As stated in the CERN press release, the new ATLAS and CMS results are "sufficient to make significant progress in the search for the Higgs boson, but not enough to make any conclusive statement on the existence or non-existence of the elusive Higgs. Tantalising hints have been seen by both experiments in the same mass region, but these are not yet strong enough to claim a discovery." Both Fabiola Gianotti and Guido Tonelli - the leaders of the two teams - are optimistic that they can gain enough data in 2012 for a definite result: either that the Higgs has been discovered in that mass range, or that there is no evidence of the Higgs at all. Each will be keen to press on with data acquisition throughout the coming year, as the LHC is due for a long closure at the end of the year so thatit can be upgraded to achieve its full design operating energy.

Croatian Jesuit Scientist Hailed

Croatia kept 2011 as a special year of honour in memory of a famous son of that country. Fr Ruder Josip Boskovic, born 300 years earlier, was a Jesuit and a scientist. At a conference at the Gregorian University in Rome in December, his important contribution to science, and to the faith-science dialogue, was commemorated. The Croatian provincial of the Jesuits, Fr Anto Tustonjic, hailed him, and said: "We also wish to propose this model of a man of science to young people ... [as] Boskovic said that whoever considers all that is created as only the result of chance cannot make a bigger mistake."

The conference reinforced the high opinion of the Pope who, when visiting Croatia earlier in 2011, stated that Father Boskovic "is a good illustration of the happy symbiosis of faith and scholarship, each stimulating the other through research that is at the same time open, diversified and capable of synthesis. His principal work, Theoria philosophiae naturalis, bears a highly significant sub-title ... 'according to the one law of the forces existing in nature.' In Boskovic, there is analysis, there is study of multiple branches of knowledge, but there is also a passion for unity. This is typical of Catholic culture. ... the experts say that his theory of 'continuity,' which holds true both in the natural sciences and in geometry, accords well with some of the great discoveriesof modern physics."
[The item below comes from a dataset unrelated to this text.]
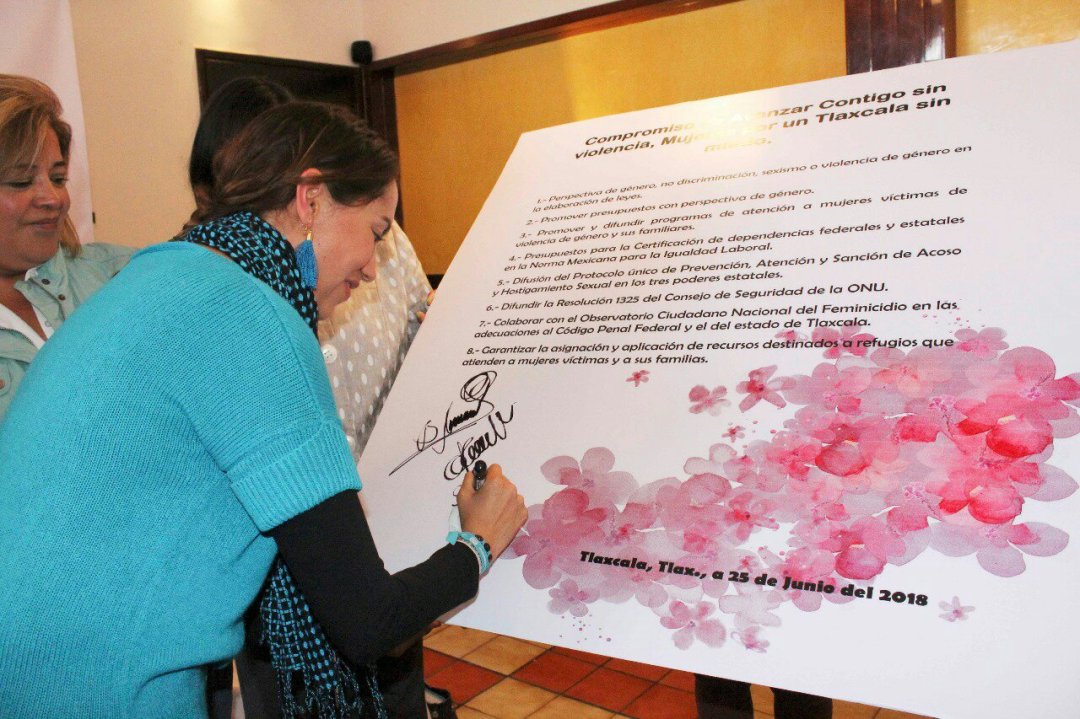 Los compromisos firmados fueron: Perspectiva de género, no discriminación, sexismo o violencia de género en leyes; Promover presupuestos con perspectiva de género; Promover y difundir programas de atención a mujeres víctimas de violencia de género y sus familiares; Presupuestos para la Certificación de dependencias federales y estatales en la Norma Mexicana para la Igualdad Laboral; Difusión del Protocolo Único de Prevención, Atención y Sanción de Acoso y Hostigamiento Sexual en los tres poderes estatales.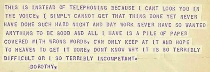 THIS IS INSTEAD OF TELEPHONING BECAUSE I CANT LOOK YOU IN THE VOICE. I SIMPLY CANNOT GET THAT THING DONE YET NEVER HAVE DONE SUCH HARD NIGHT AND DAY WORK NEVER HAVE SO WANTED ANYTHING TO BE GOOD AND ALL I HAVE IS A PILE OF PAPER COVERED WITH WRONG WORDS. CAN ONLY KEEP AT IT AND HOPE TO HEAVEN TO GET IT DONE. DONT KNOW WHY IT IS SO TERRIBLY DIFFICULT OR I SO TERRIBLY INCOMPETANT.

Vatican Faith-Science Foundation

The Vatican has announced the creation of a new Science and Faith Foundation as the next stage of the nine year STOQ (Science, Theology and the Ontological Quest) project that has linked the Church's Pontifical Council for Culture and the Pontifical Universities in Rome. The director of the new Foundation, Fr Tomasz Trafny of the Pontifical Council for Culture, said: "I don't think most people necessarily see science and faith as being opposed but I do think there is confusion as to where to put faith and where to put science in their life. ... So the question for us is how to offer a coherent vision of society, culture and the human being to people who would like to understand where to put these dimensions - the spiritual and religious and the scientific."

The foundation will exist as an entity in its own right within Church law, and Fr Trafny explains: "This is an important step, because we are moving from being a simple project to merge learning between the pontifical universities in Rome to being a new entity recognised by the Holy Father as a reference point for all dialogue involving science and faith." Let us hope and pray that this new Foundation will further the important cause of understanding and synthesis that is at the heart of the Faith Movement's mission.

After almost a dozen years this is the last time that Fr (and Doctor of Astronomy) Philip Miller, Parish Priest of Hoddesdon, will be writing this column. We are very grateful for the wide range of information and insight he has shared with our readers.